*Problem to work on*:
No line before the one holding "1 ponceuse à" is to be copied; that line and all after it, through the end of the listing, are returned exactly, minus pictures.

*Information shown*:

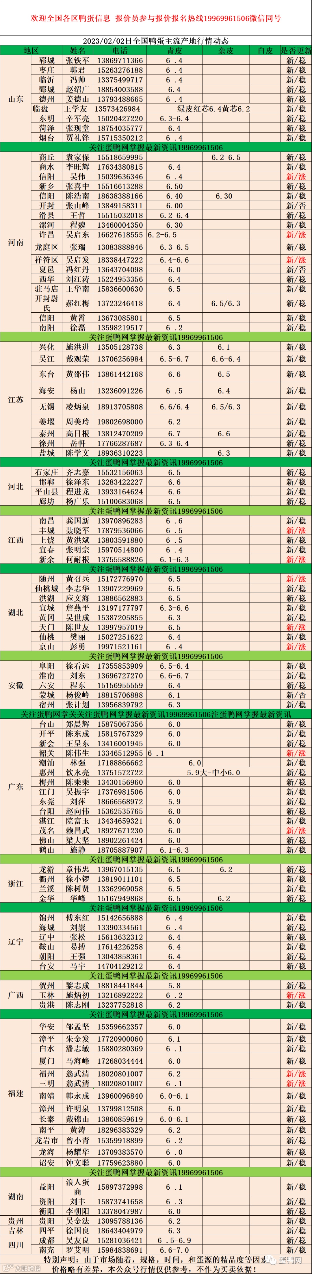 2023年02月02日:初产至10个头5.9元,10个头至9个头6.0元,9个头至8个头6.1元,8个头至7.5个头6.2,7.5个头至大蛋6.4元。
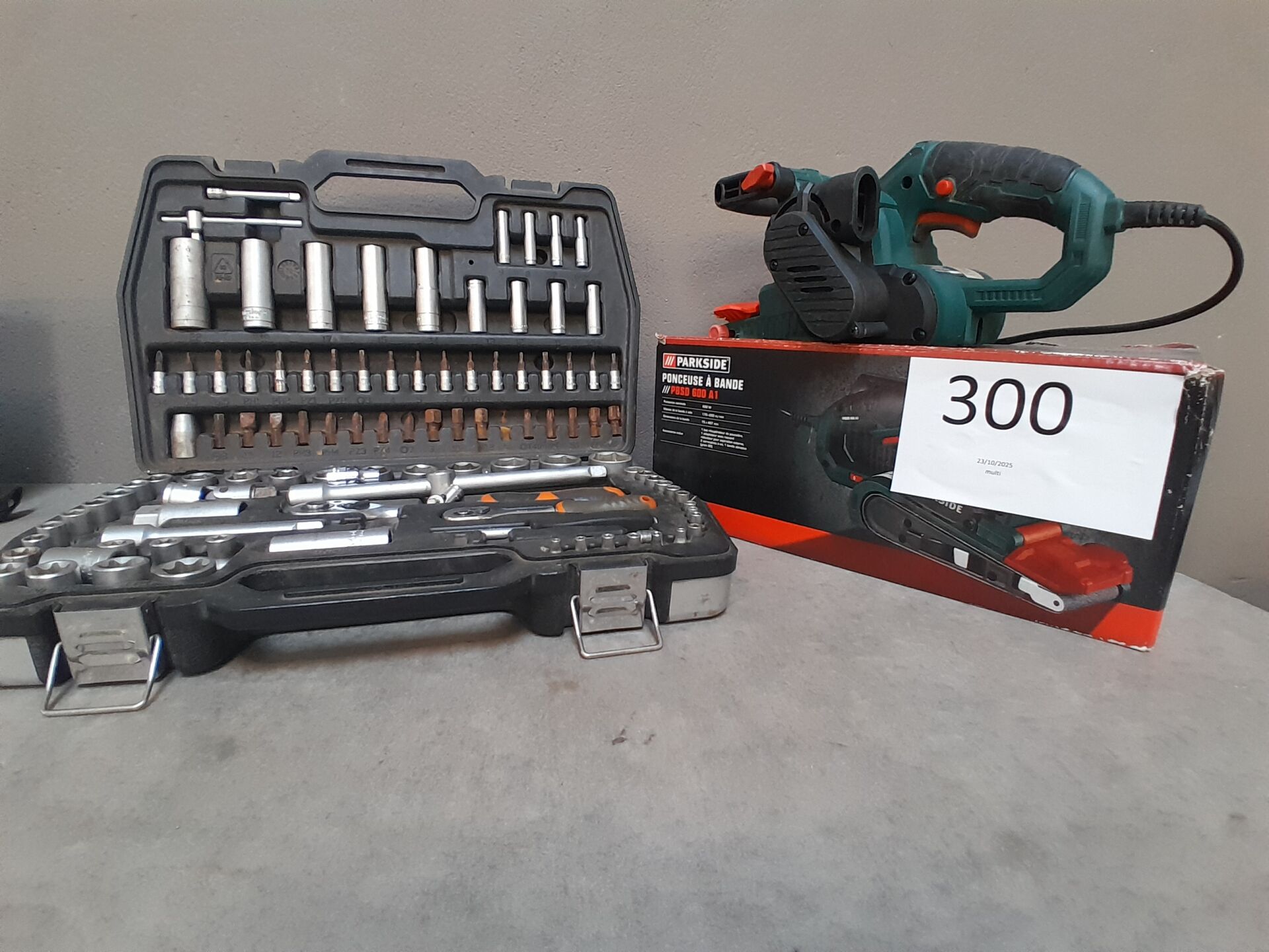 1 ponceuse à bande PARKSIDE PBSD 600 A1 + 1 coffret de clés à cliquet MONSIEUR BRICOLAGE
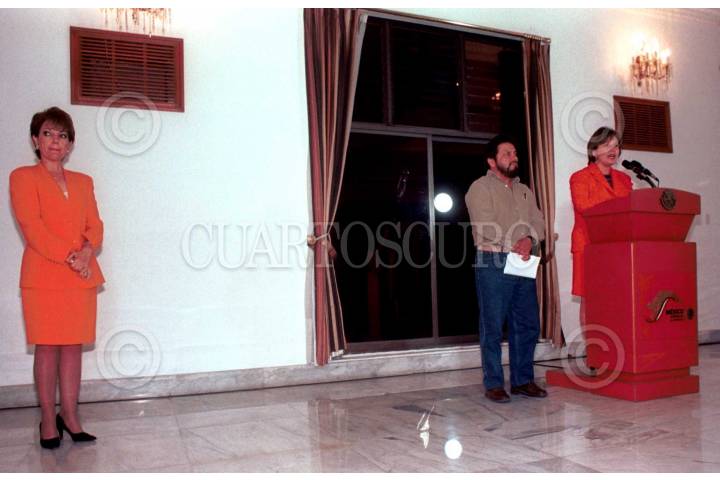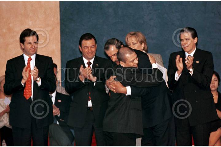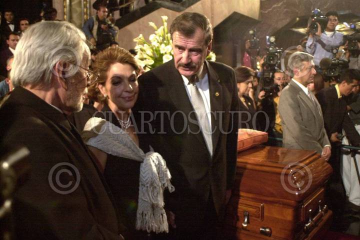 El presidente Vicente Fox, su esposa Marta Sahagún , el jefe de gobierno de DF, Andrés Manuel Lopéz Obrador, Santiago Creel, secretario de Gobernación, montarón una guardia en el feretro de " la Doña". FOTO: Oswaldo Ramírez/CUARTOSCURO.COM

*Result of the exercise*:
 1 ponceuse à bande PARKSIDE PBSD 600 A1 + 1 coffret de clés à cliquet MONSIEUR BRICOLAGE
 El presidente Vicente Fox, su esposa Marta Sahagún , el jefe de gobierno de DF, Andrés Manuel Lopéz Obrador, Santiago Creel, secretario de Gobernación, montarón una guardia en el feretro de " la Doña". FOTO: Oswaldo Ramírez/CUARTOSCURO.COM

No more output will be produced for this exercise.